- **WHAT YOU ARE ASKED TO DO**: Take the lines from the one containing "Moreover, the Centre" through the final line below and restate them exactly. Omit the pictures.

- **Data entries**:
|---|
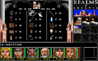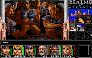 The PC later received a CD-ROM version that brought a lot of tweaks and improvements. First and foremost, the music now sounded even better than on the Amiga, rendering that version completely obsolete. The graphics also underwent a small upgrade, mainly visible on the city floor tiles. Furthermore, Attic improved the game with a lot of bug fixes and comfort options. Camping in dungeons and cities becomes possible for the first time, as does changing directions in between waypoints during travel. The trading screen now highlights the characters that are able to use a certain item or weapon, some items got rebalanced, and some logical errors corrected – to shoot with poisoned arrows in the disk version for example, one had to poison the bow and not the arrows in the floppy version, which the CD-ROM update corrects.
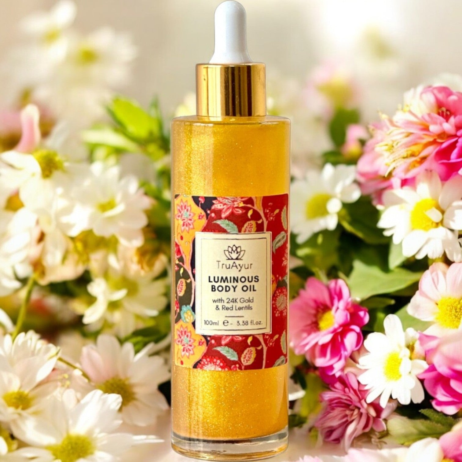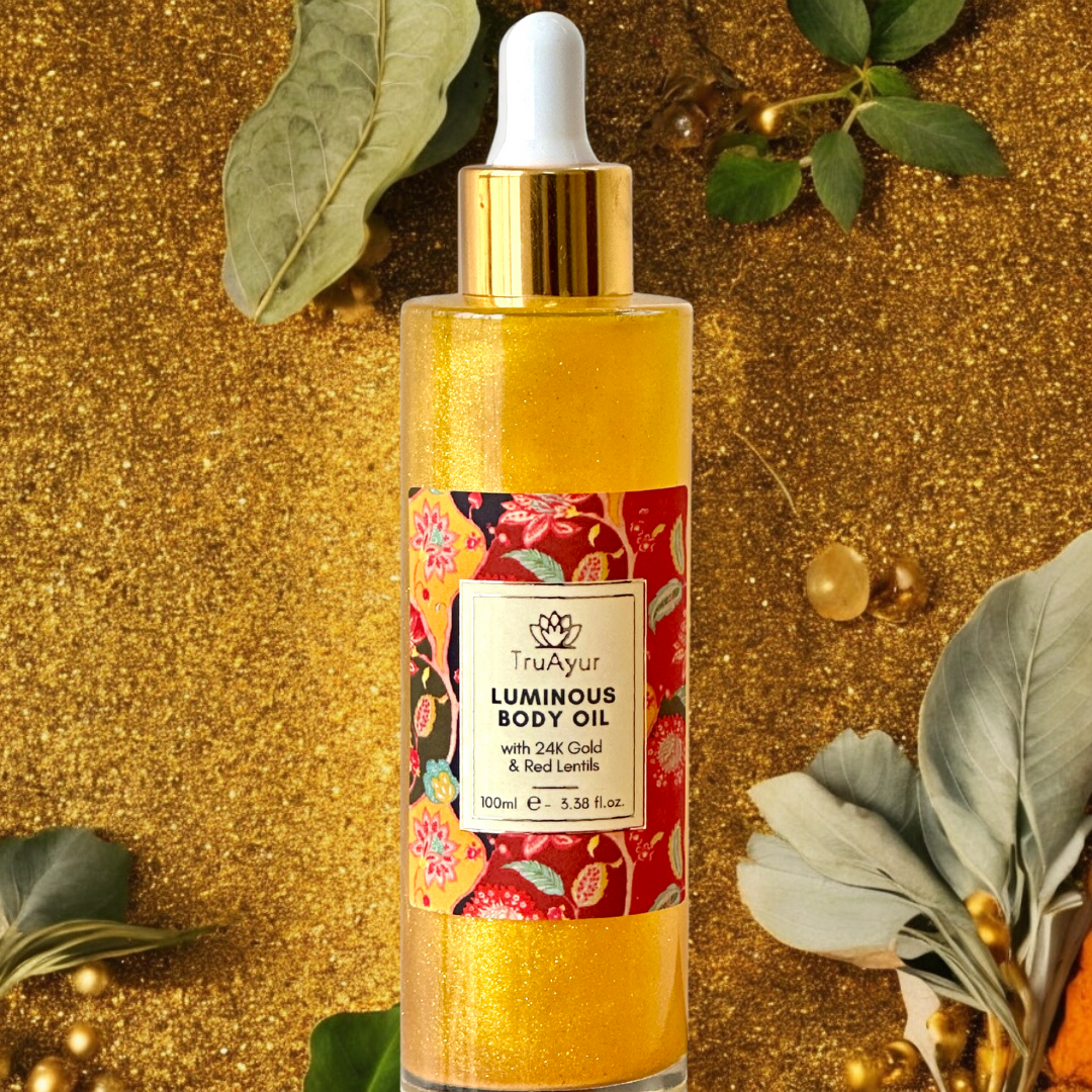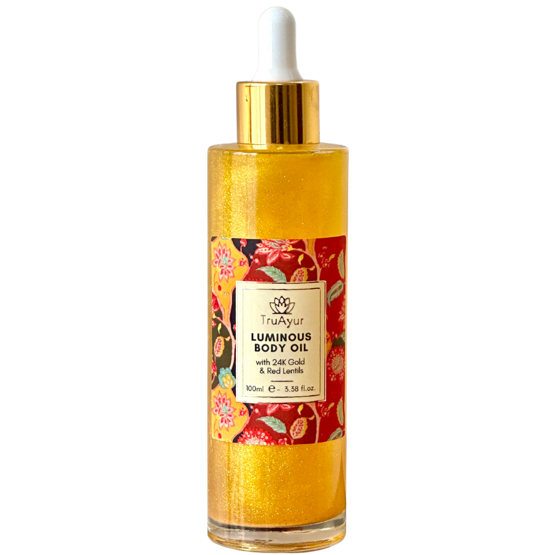 To luksuzno olje za telo, ki združuje 24-karatno zlato Bhasma z močno mešanico rastlinskih izvlečkov, globoko vlaži, izboljša elastičnost kože in spodbuja sijoč in mladosten videz. Na podlagi starodavne modrosti ajurvede to olje združuje pomlajevalne lastnosti ashwagandhe, kurkume in žafrana z modernimi inovacijami za nego kože. Ti dragoceni rastlinski izvlečki delujejo v harmoniji, da kožo osvetlijo, zmanjšajo temne lise in zmanjšajo znake staranja, tako da koža ostane mehka, gladka in revitalizirana. Dodatek olja sladkih mandljevih semen, olja grozdnih pešk in sezamovega olja zagotavlja optimalno prehrano, medtem ko edinstvena infuzija Gold Bhasma pomaga izboljšati naravno svetlost kože..
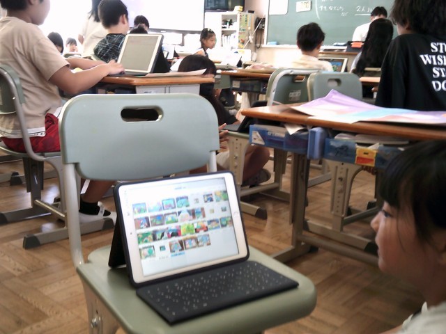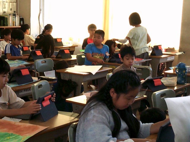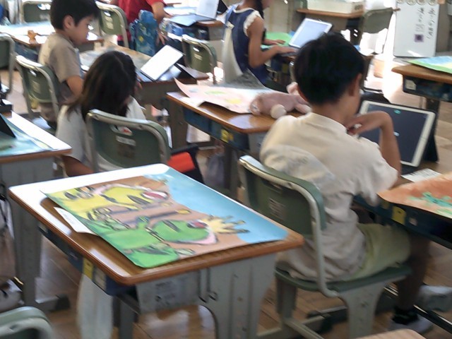 お話の絵が完成し、学級で鑑賞会をしていました。
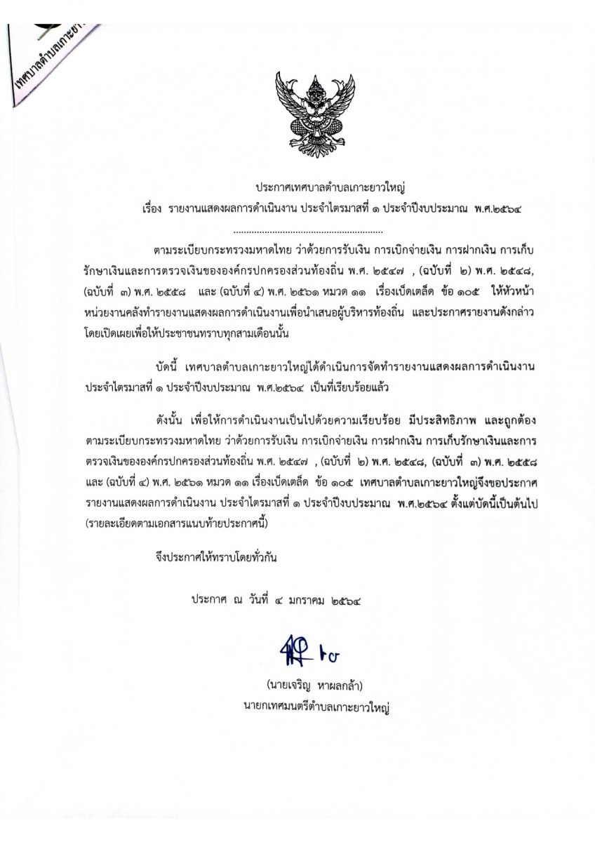 ประกาศ ผลการดำเนินงาน ไตรมาศที่ 1-64
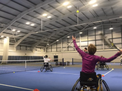 Moreover, the Centre will supply sports wheelchairs for added mobility around the court, as well as expert tuition. These specialist chairs have a wide wheelbase for easier, safe mobility (fast turns are a great aid to better play) and safety strapping to help those with low or no abdominal strength. But the main attributes are not strength, they are timing and technique, which you will acquire with the expert tuition. Most of all it will be FUN!
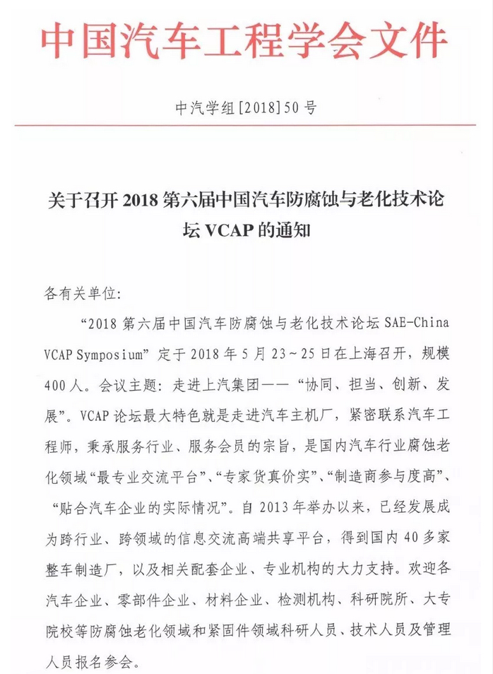 “2018第六屆中國汽車防腐蝕與老化技術論壇SAE-China VCAP Symposium”定于2018年5月23~25日在上海召開,規模400人。
|---|
- **OUTPUT**:
 Moreover, the Centre will supply sports wheelchairs for added mobility around the court, as well as expert tuition. These specialist chairs have a wide wheelbase for easier, safe mobility (fast turns are a great aid to better play) and safety strapping to help those with low or no abdominal strength. But the main attributes are not strength, they are timing and technique, which you will acquire with the expert tuition. Most of all it will be FUN!
 “2018第六屆中國汽車防腐蝕與老化技術論壇SAE-China VCAP Symposium”定于2018年5月23~25日在上海召開,規模400人。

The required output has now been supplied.